Rodney Martin

Personal information
- Born: 17 October 1965 (age 60)
- Website: rodmartinsquash.com

Sport
- Country: Australia
- Handedness: Right-Handed
- Turned pro: 1984
- Retired: 1995

Men's Singles
- Highest ranking: 2 (November 1992)
- World Open: W (1991)

Medal record
Men's squash
Representing Australia
World Championships
| Gold medal – first place | 1991 Adelaide | Singles |
| Bronze medal – third place | 1987 Birmingham | Singles |
| Bronze medal – third place | 1992 Johannesburg | Singles |

= Rodney Martin (squash player) =

Australian squash player (born 1965)

Rodney Martin (born 17 October 1965) is an Australian former professional squash player, who is best known for winning the 1991 World Open and becoming the first player to defeat Jahangir Khan and Jansher Khan in the same event. After retiring as a player due to injury, he became a squash coach, working in Australia and the United States.

== Early life ==
Martin comes from one of squash's most successful families. His older brother Brett Martin and younger sister Michelle Martin were also top professional players. He grew up in the Sydney suburb of Engadine, where his parents built the local squash centre under their family home. In his early teens he moved with his family to Brisbane, where he attended Everton Park State High School.

== Career ==
Martin began his squash career in 1984 and shortly afterwards began attending the Australian Institute of Sport. His first major victory at an international competition was at the 1985 Australian Open. Martin was runner-up at the British Open three times in 1988–1990 (losing to Pakistani player Jahangir Khan in the final on all three occasions).

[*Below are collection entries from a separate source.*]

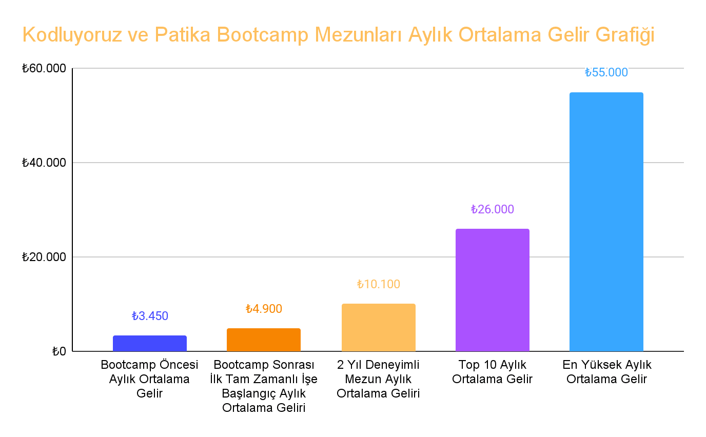 Bootcamp mezunlarımız 2 yıl sonra aylık ortalama 10.100 TL kazanıyor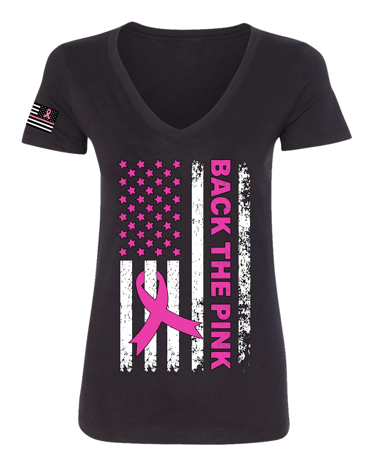 Back the Pink American Flag Women Junior Fit VNeck Tee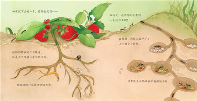 阳光灿烂的日子里,许多生物都忙碌起来。花儿绽放,蜜蜂采蜜,小燕子练习飞行,蛐蛐儿在草丛中玩耍……在大晴天,我们会有很多有趣的发现!

He is best known for winning the World Open in 1991, beating Jahangir Khan in the final 14–17, 15–9, 15–4, 15–13 (he had previously beaten another Pakistani player, Jansher Khan, in the quarter-finals, and his Australian compatriot Chris Dittmar in the semi-finals). He became the first person to defeat Jahangir and Jansher Khan in the same event. Martin also won the Australian Open in 1986, 1990, 1992, and 1993, the Hong Kong Open in 1986 and 1992, and the United States Open in 1989 and 1991; he was part of the Australian teams that won the World Team Squash Championships in 1989 in Singapore and 1991 in Helsinki. Martin was forced to retire from the international tour in 1995 due to a hip injury.

After retiring as a player, he became a squash coach, working with the Australian Institute of Sport from 1996 to 2010 and then setting up his own business in the US state of Connecticut, Rodney Martin Squash. In Australia he coached such players as his sister Michelle, Stewart Boswell, Anthony Ricketts, Paul Price, Dan Jenson, Cameron Pilley, and Kasey Brown. Some of the players he has coached since moving to the US include Mohamed El Shorbagy, Ryan Cuskelly, Zac Alexander, Abdulla Al-Tamimi, Peter Creed, Chris Hanson, and Christopher Binnie.

== Personal life ==
In 1993, Martin married fellow Australian squash player Danielle Drady, with whom he had been in a long-term relationship, but their marriage ended the next year after she left him for his manager Phil Harte (who had also managed Martin's sister Michelle). Martin later partially won a court case in the Supreme Court of New South Wales against Harte and two other directors over their management of the Australian Squash Club.

He is married to retired Australian international squash player Amelia Pittock and they have a son.

==Recognition==
Martin received an Australian Sports Medal in 2000 and was inducted into the Squash Australia Hall of Fame in 2007.